TRY IT: From the first line to the last, copy the listing exactly and omit the images.

RECORDED INFORMATION:
★ ★ ★ ★ ★ ★ ★

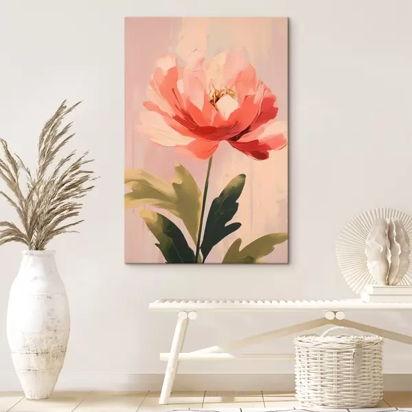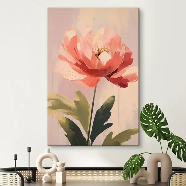 Glezna Koraļļu peonija uz pasteļtoņa fona modernā mākslas ilustrācijas stilā Nr s46949
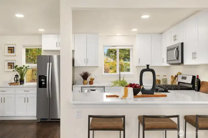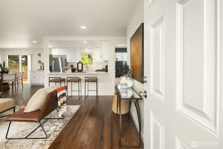 Prepare to fall in love with this freshly renovated rambler! This home blends timeless charm with modern updates. Beautifully refinished hardwood floors throughout, new interior and exterior paint, and a spacious open layout create an inviting feel. The fully reimagined kitchen features sleek cabinetry, quartz counters, stainless steel appliances, and plenty of space to store and prepare. A versatile bonus room offers space for a home office, den, or guest area. Two full bathrooms have been stylishly renovated. Sitting on a flat, sunny ¼-acre lot full of grapes, figs, and more! Plenty of room to garden, play, or expand. The two-car garage offers additional storage space. Move-in ready—ideal for first-time buyers or investors! Don't miss it!
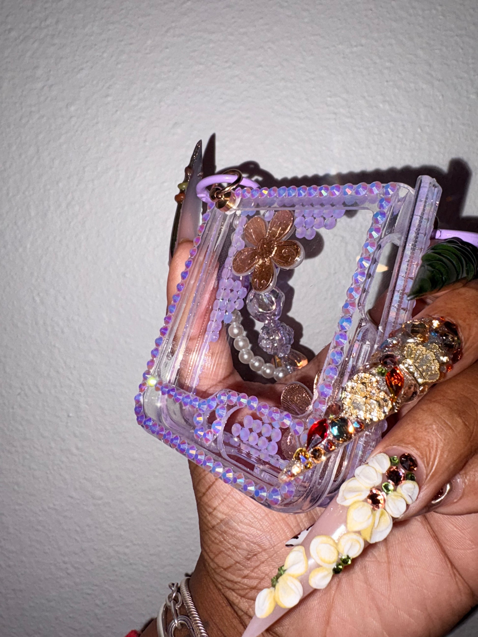 Get swept away in girly glam with this dreamy Samsung Galaxy Z Flip 7 case! She’s giving full wedding vibes 👰🏽💐 with sparkling bling on the back and a dazzling bedazzled charm that catches the light with every move. The see-through design lets your phone’s true color shine through while adding that extra sparkle every pretty girl deserves. 💖📱
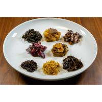 木の芽煮80g、味しめじ・深山しぐれ・葉とうがらし・山椒こぶ各40g、しば漬・花ごぼう各50g、山椒じゃこ20g

★ ★ ★ ★ ★ ★ ★

EXERCISE RESPONSE:
 Glezna Koraļļu peonija uz pasteļtoņa fona modernā mākslas ilustrācijas stilā Nr s46949
 Prepare to fall in love with this freshly renovated rambler! This home blends timeless charm with modern updates. Beautifully refinished hardwood floors throughout, new interior and exterior paint, and a spacious open layout create an inviting feel. The fully reimagined kitchen features sleek cabinetry, quartz counters, stainless steel appliances, and plenty of space to store and prepare. A versatile bonus room offers space for a home office, den, or guest area. Two full bathrooms have been stylishly renovated. Sitting on a flat, sunny ¼-acre lot full of grapes, figs, and more! Plenty of room to garden, play, or expand. The two-car garage offers additional storage space. Move-in ready—ideal for first-time buyers or investors! Don't miss it!
 Get swept away in girly glam with this dreamy Samsung Galaxy Z Flip 7 case! She’s giving full wedding vibes 👰🏽💐 with sparkling bling on the back and a dazzling bedazzled charm that catches the light with every move. The see-through design lets your phone’s true color shine through while adding that extra sparkle every pretty girl deserves. 💖📱
 木の芽煮80g、味しめじ・深山しぐれ・葉とうがらし・山椒こぶ各40g、しば漬・花ごぼう各50g、山椒じゃこ20g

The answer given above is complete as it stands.